Why Are We So Obsessed With Putin’s Health?

Why Are We So Obsessed With Putin’s Health?

The health of Russian President Vladimir Putin has been a subject of widespread speculation in recent days, with unproven rumors spreading that he might have Parkinson’s disease or cancer.

The Kremlin has denied such speculation, but it hasn’t stopped observers from probing small details in videos of Putin holding meetings—a tense posture or a brief tremble, for example.

Many suspected it after his weird meeting sign Shoigu, during which he held on to the table for 13 minutes.

This is probably the clearest video of something being wrong with Putin’s health.

Look at his leg & hand tremors!

Any doctor out there willing to weigh in?

Parkinson? pic.twitter.com/Vt0TpHtdrF

— Visegrád 24 (@visegrad24) April 24, 2022

However, it’s not only Putin who has been subject to such scrutiny. For decades, political leaders in high office have been caught up in health speculation for even slight details, such as when Richard Nixon was seen sweating under studio lights during a TV debate with John F. Kennedy in 1960 or when Donald Trump sniffled during a debate between himself and Hillary Clinton in 2016.

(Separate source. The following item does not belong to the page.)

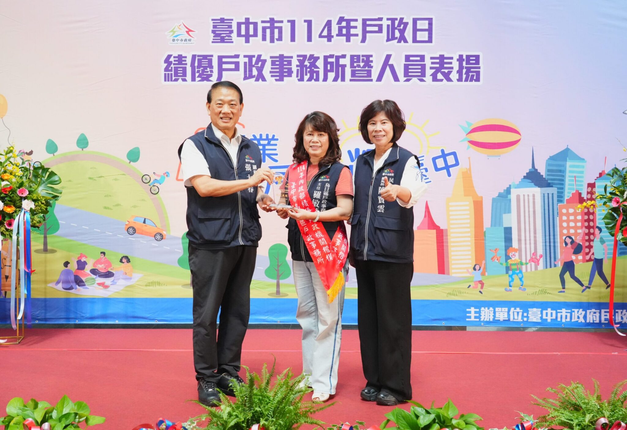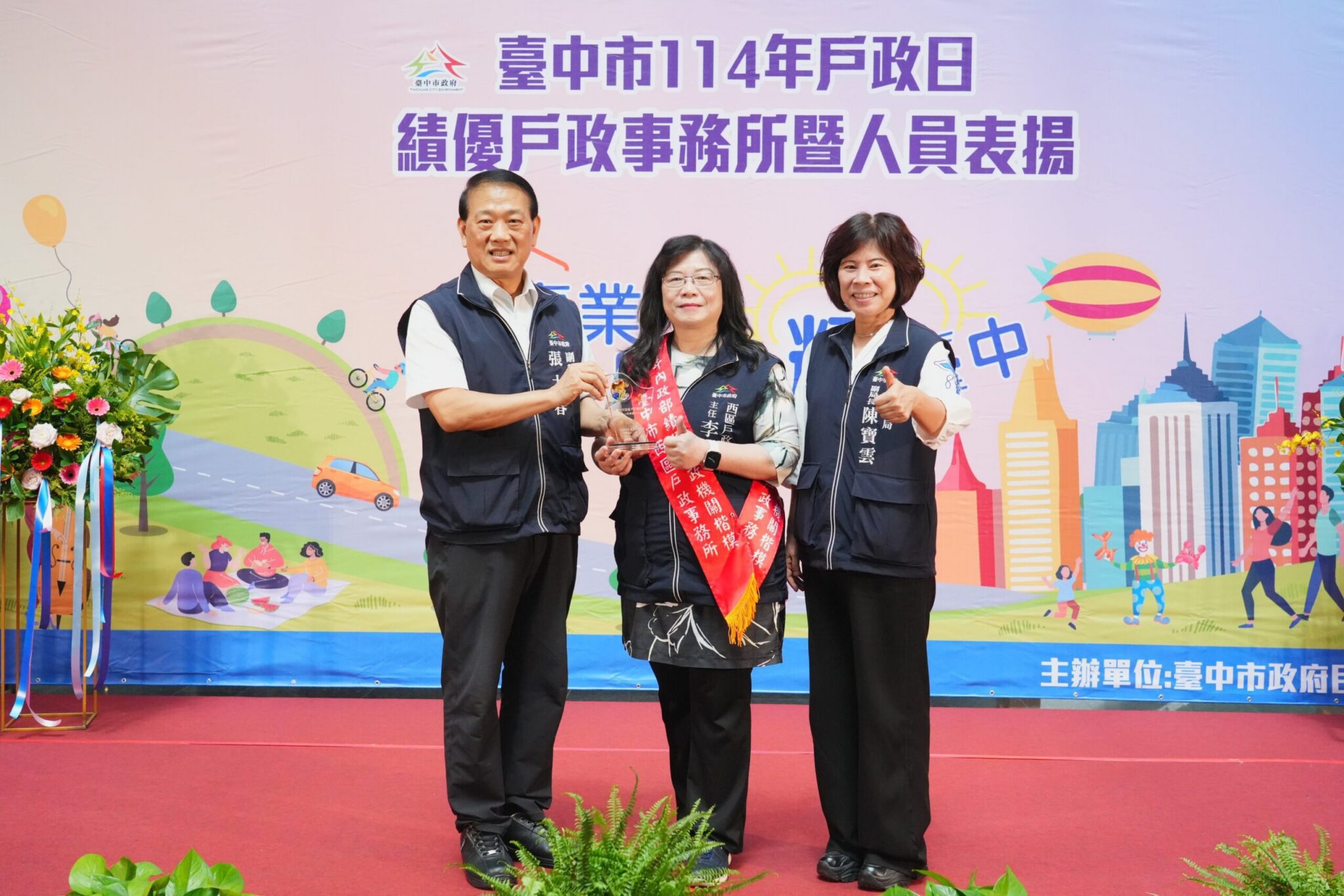 民政局長吳世瑋指出,戶政服務一向是台中市民滿意度最高的項目之一,各戶所致力確保戶籍登記正確無誤,落實資訊安全管理與個人資料保護,同並掌握作業時效,即時保障民眾權益。其中潭子、大里、西區、北區、東勢、烏日、大肚、后里及外埔戶所,榮獲台中市113年評鑑績優戶政機關肯定;另西區及烏日戶所亦榮獲內政部114年績優戶政機關,展現卓越服務成果,並期勉持續以嶄新思維及創新作法,打造多元便民的戶政服務體驗。

Trump’s health was also subject to huge media attention in 2020 ahead of, during, and after a COVID infection that left him briefly hospitalized.

“When a political leader’s humanity is on display the longest in an unscripted public event—during a televised live debate—perfect health is especially expected by a judgmental audience,” David Clementson, a public relations expert in the Department of Advertising and Public Relations at the University of Georgia, told Newsweek. “The public doesn’t want to see a politician succumb to human emotion and release a teardrop from an eye, or to have symptoms of the common cold with a cough and congestion.”

This might make sense during domestic elections when the nation’s political, economic and social direction may depend on the health and general capacity of a leader. Why does it also seem to matter to the West with Putin?

“I think there are at least two reasons why people are interested in politicians’ health,” Aleksandra Cichocka, reader in political psychology at the University of Kent in the U.K., told Newsweek. “First, we want to know if someone is fit for office. This can be a legitimate concern, but can also be part of political attacks. I’m reminded here of Trump’s campaign constantly questioning the health and stamina of Hillary Clinton. Questioning Putin’s health might similarly be a way of challenging his leadership.”

“However, there might also be a second reason for why stories of Putin’s ill-health are so appealing,” she continued. “The invasion of Ukraine poses an existential threat, and people might be motivated to explain why something so devastating is happening. Putin being unwell could help make sense of this otherwise incomprehensible situation.”

All this may also explain why some politicians are so keen to keep any medical conditions private. Kennedy, despite coming off well in his 1960 televised debate with Nixon, had a long medical history that has only in recent decades become more thoroughly understood.

The former president suffered several ailments and was generally in more pain than the public knew at the time. He variously had colitis, a urinary tract infection, adrenal insufficiency, and had been hospitalized for back and intestinal ailments on several occasions between 1955 and 1957.